Tam, gdzie nie ma nocy - Rozdział 39

      Gejsza szła ramię w ramię z elfką. Postanowiły, że pójdą jak najdalej przed siebie. Chciały sprawdzić, czy gdzieś w ich pobliżu nie ma jakichkolwiek ścian, czy półek, które pomogłyby im być bliżej góry. Aelita uważała, że to właśnie w górze jest wyjście, że dzięki przekroczeniu warstwy mgły, będą mogły je znaleźć. Niestety, nie udało im się. Obie padły ze zmęczenia, nie mając już żadnych sił, aby iść dalej. Położyły się koło siebie, na plecach.
-Myślisz, że uda nam się stąd wyjść? - chwilową ciszę przerwało pytanie Yumi.
-Mam nadzieję… - bąknęła różowowłosa. - Może jakimś cudem znajdziemy wyjście, a może chłopcy nas wyciągną?
-Nie liczyłabym na pomoc z ich strony…
-Dlaczego?
-Nie mają pojęcia, gdzie nas szukać. Nawet Jeremy nic nie wie. Szukaliśmy ciebie tak długo i nigdzie nie było ani śladu. 
-Widać źle szukaliście.
-Nie, to nie tego kwestia. Po prostu żaden skan Lyoko nic nie wykazywał. Nie było żadnego cyfrowego śladu po tobie. Zwyczajnie zapadłaś się pod ziemię.
-Wierzę, że Jeremy w końcu znajdzie rozwiązanie. Teraz gdy zobaczył jak znikłaś, to może po twoim tropie trafi do nas? - zasugerowała Hopperówna.
-W sumie to nie jest takie złe myślenie, oby tylko znalazł jakiś trop. Obawiam się, że same nic tutaj nie zdziałamy.

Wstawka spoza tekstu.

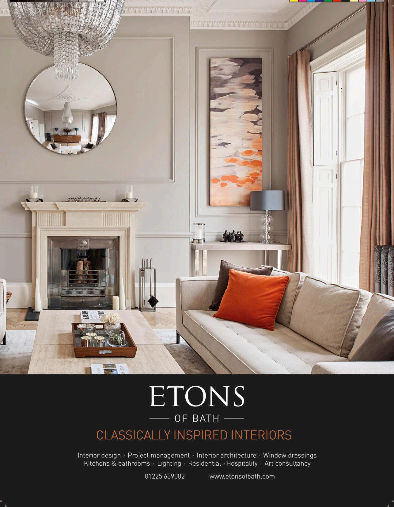 Clair Strong Interior Design is a boutique, creative company based in Bath, providing a wide range of services for both residential and commercial clients. Her portfolio of projects includes the design, project coordination and sourcing for some of Bath’s most beautiful residences, as ell as hotels s orts clu s o ces and other co ercial venues. Contact Clair on 07855 797311 or 01225 690019; www.clairstrong.co.uk

-Nie, nie, nie! - krzyczał Jeremy, waląc przy tym w podłokietnik fotela i budząc tym samym drzemiących przyjaciół.
-Co się stało? - mruknął Odd, przecierając zaspane oczy.
-Nie działa, to cholerstwo nie działa! Nie potrafię tego napisać! A niech to…! - bulwersował się dalej Belpois.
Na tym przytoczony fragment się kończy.